Comment 1 Ken Giusti 2011-02-23 20:29:25 UTC

Created attachment 480569 [details]
Log from failing test.

Comment 2 Ken Giusti 2011-02-23 20:30:08 UTC

Created attachment 480570 [details]
Log from passing test - test passes if run without store enabled.

Comment 3 Ken Giusti 2011-02-23 21:18:39 UTC

Analysis:

The test creates a cluster of two brokers.  It then declares some queues, and sends some durable messages to the cluster.  All that appears fine.

Then the test attempts to add another broker to the cluster.  At this point the test hangs.

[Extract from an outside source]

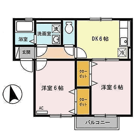 - 間取り2DK(洋6.9、洋6、DK8.9)

From what I can see, the new broker is asynchronously completing messages to the store.  The store completes the messages in its thread, and calls requestIOProcessing() to schedule the completion of the message's transfer command.

The requested scheduled completion never runs.

This appears to be happening during the cluster update process (the new broker is being updated at the time).  Does the cluster update process hold off callbacks scheduled via requestIOProcessing()?

Comment 4 Ken Giusti 2011-02-24 22:39:45 UTC

Alan has create a fix for this.

Patched upstream:

http://svn.apache.org/viewvc?view=revision&revision=1074332

Jira:
https://issues.apache.org/jira/browse/QPID-3084

Comment 5 Ken Giusti 2011-03-07 16:39:55 UTC

    Technical note added. If any revisions are required, please edit the "Technical Notes" field
    accordingly. All revisions will be proofread by the Engineering Content Services team.
    
    New Contents:
Cause
    A clustered broker was not correctly detecting when a durable message was finished being saved in the durable store.
Consequence:
    The cluster can hang when store is enabled and a new broker is added to the cluster.
Fix:
    The clustered brokers now monitor for the completion of the message storage event.
Result:
   The newly added broker is correctly notified of the completion of the message storage process, and will not hang.